Posted to user@nutch.apache.org by Paul Tomblin <pt...@xcski.com> on 2009/07/31 03:26:37 UTC

Re: how to exclude some external links

On Thu, Jul 30, 2009 at 9:15 PM, <al...@aim.com> wrote:

> I would like to know how can I modify nutch code to exclude external links with certain extensions. For example, if have in urls mydomain.com and my domain.com has a lot of links like mydomain.com/mylink.shtml, then I want nutch not to fetch(crawl) these kind of urls at all.

Can't you do this with the existing RegexURLFilter plugin?  Make sure
urlfilter-regex is listed in plugin.includes, and that you've got the
property urlfilter.regex.file is set to a file (probably
regex-urlfilter.txt).  Then you can list the extensions you want to
skip in that file.

-- 
http://www.linkedin.com/in/paultomblin

Re: how to exclude some external links

Posted by al...@aim.com.
 


 Hi,

The plugin is enabled in nutch-default.xml file, but changes in it did not affect search.
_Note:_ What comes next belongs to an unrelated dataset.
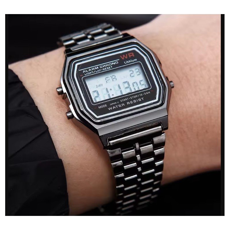 ✅ تصميم كلاسيكي أنيق مستوحى من الساعات القديمة مع لمسة عصرية تناسب جميع الإطلالات. ✅ هيكل معدني عالي الجودة باللون الفضي مع شاشة رقمية بإطار أسود تضيف مظهراً راقياً وجذاباً. ✅ عرض رقمي واضح للوقت والتاريخ مع منبه وساعة توقيت لتلبية احتياجاتك اليومية. ✅ مقاومة للماء في الاستخدام اليومي مثل الغسيل ورذاذ المطر (ليست مخصصة للغوص أو السباحة). ✅ سوار معدني مريح وقابل للتعديل ليتناسب مع مختلف أحجام المعصم. ✅ مثالية للاستخدام اليومي أو كإضافة أنيقة لإطلالتك الرسمية أو الكاجوال.

Instead changes in crawl-urlfilter.txt takes changes fetched links.

Thanks.
Alex.


 

-----Original Message-----
From: Paul Tomblin <pt...@xcski.com>
To: nutch-user@lucene.apache.org
Sent: Thu, Jul 30, 2009 6:26 pm
Subject: Re: how to exclude some external links










On Thu, Jul 30, 2009 at 9:15 PM, <al...@aim.com> wrote:

> I would like to know how can I modify nutch code to exclude external links 
with certain extensions. For example, if have in urls mydomain.com and my 
domain.com has a lot of links like mydomain.com/mylink.shtml, then I want nutch 
not to fetch(crawl) these kind of urls at all.

Can't you do this with the existing RegexURLFilter plugin?  Make sure
urlfilter-regex is listed in plugin.includes, and that you've got the
property urlfilter.regex.file is set to a file (probably
regex-urlfilter.txt).  Then you can list the extensions you want to
skip in that file.

-- 
http://www.linkedin.com/in/paultomblin